As a further description of the above technical solution:

in step S08, the method includes performing an incomming Steady State calculation in a one-dimensional Steady State, calculating distribution of oil pressure and flow rate in the lubrication system by considering only flow of oil, and calculating performance parameters such as a P (pressure) -Q (flow rate) characteristic curve, an n (rotation rate) -Q (flow rate) curve, and the like at each rotation speed of the oil pump according to basic parameters of the oil pump.

As a further description of the above technical solution:

in step S09, the data is collated according to the obtained pressure and flow data of each kinematic pair lubricating oil path, and the data is expressed by a formula,

preliminarily calculate the relative movement velocity V of each kinematic pair _i Wherein D is _i For each kinematic pair diameter, n is the kinematic pair rotation speed, and the minimum lubrication pressure of each kinematic pair can be further calculated

Comparing the data obtained by simulation, and checking whether the data meets the lubrication requirement.

As a further description of the above technical solution:

in the step S09, if the check satisfies the lubrication requirement, the step S10 is executed, and if the check does not satisfy the lubrication requirement, the step S08 is executed again.

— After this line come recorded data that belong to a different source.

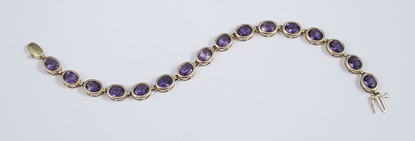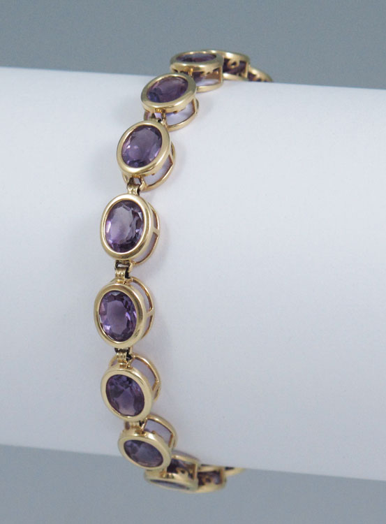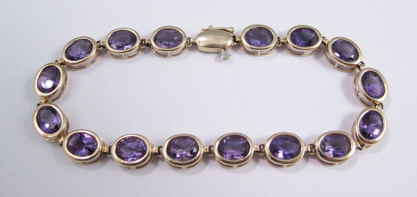 20 CTW AMETHYST & 14K GOLD BRACELET: 14K yellow gold bracelet contains sixteen oval shaped mixed cut amethysts. Weight: 20.00 Ct. Approx. Locking closure with figure eight safety clasp. Length: 7.5'' Weight: 11.6 grams.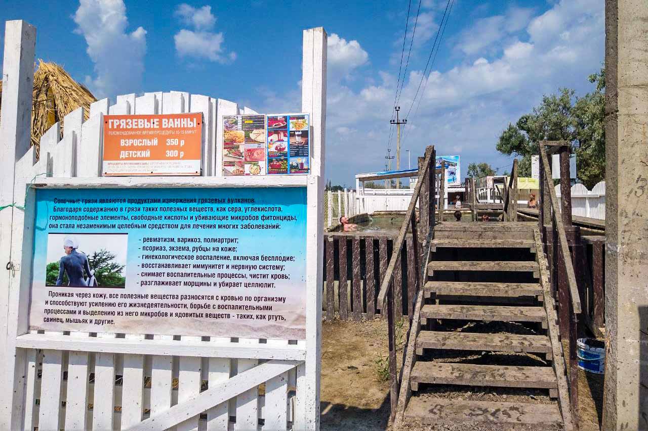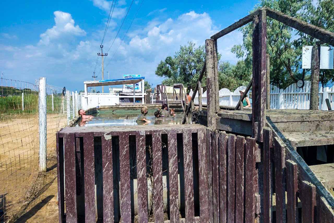 Посещение озера и грязь – бесплатные. Но рядом есть резервуар с сопочными грязями с Таманского полуострова. Ванну наполняют целебной смесью и растворяют в воде. Сюда могут поместится от 7 до 10 человек. И это удовольствие — платное. Всего 350 рублей и я захожу в бассейн с темно-коричневой жижей. Рядом со мной семья из 4 человек. Дети терпеливо принимают процедуру вместе с родителями.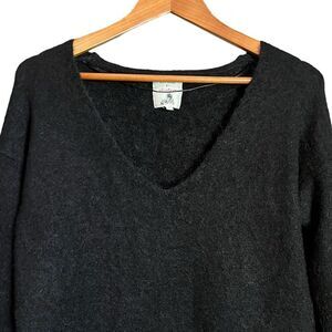 Keywords: Jackpot sweater, wool mohair sweater, black V-neck knit, cozy mohair blend top, warm winter sweater, classic black knitwear, soft wool blend sweater, minimalist cold-weather staple, timeless knit pullover

In the above technical solution, the design method of the engine lubrication system dedicated for extended range provided by the present invention has the following beneficial effects:

the design method effectively simplifies the design steps, saves a large amount of data calculation and processing time and corresponding calculation resource occupancy, effectively simplifies the system structure, and reduces the manufacturing cost on the basis of improving the product quality.

Drawings

In order to more clearly illustrate the embodiments of the present application or technical solutions in the prior art, the drawings needed to be used in the embodiments will be briefly described below, and it is obvious that the drawings in the following description are only some embodiments described in the present invention, and other drawings can be obtained by those skilled in the art according to the drawings.

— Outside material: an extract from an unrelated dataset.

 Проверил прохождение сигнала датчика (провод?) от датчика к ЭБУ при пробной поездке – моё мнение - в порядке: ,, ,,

FIG. 1 is a schematic diagram of a method for designing a lubrication system of an extended range dedicated engine according to an embodiment of the present invention;

FIG. 2 is a schematic representation of a universal characteristic of an engine provided by an embodiment of the present invention;

FIG. 3 is a schematic diagram of a P-Q characteristic curve of an oil pump under all operating conditions according to an embodiment of the present disclosure.

Detailed Description

In order to make those skilled in the art better understand the technical solution of the present invention, the present invention will be further described in detail with reference to the accompanying drawings.

As shown in fig. 1-3, a method for designing a lubrication system of an extended-range dedicated engine includes the following steps:

s01: simulating the performance of the one-dimensional engine;

s02: screening the working conditions of the engine;

s03: compiling a control strategy;

s04: judging whether the one-dimensional whole vehicle performance simulation is met;

s05: eliminating and calculating the working conditions before system design;

s06; designing a lubricating system model framework;

s07: building a one-dimensional lubricating system model;

s08: one-dimensional lubricating system simulation and oil pump performance simulation and calculation;

s09: checking whether the optimized requirement of the lubricating system is met;

s10: and finishing the design.

The design method effectively simplifies the design steps, saves a large amount of data calculation and processing time and corresponding calculation resource occupancy, effectively simplifies the system structure, and reduces the manufacturing cost on the basis of improving the product quality.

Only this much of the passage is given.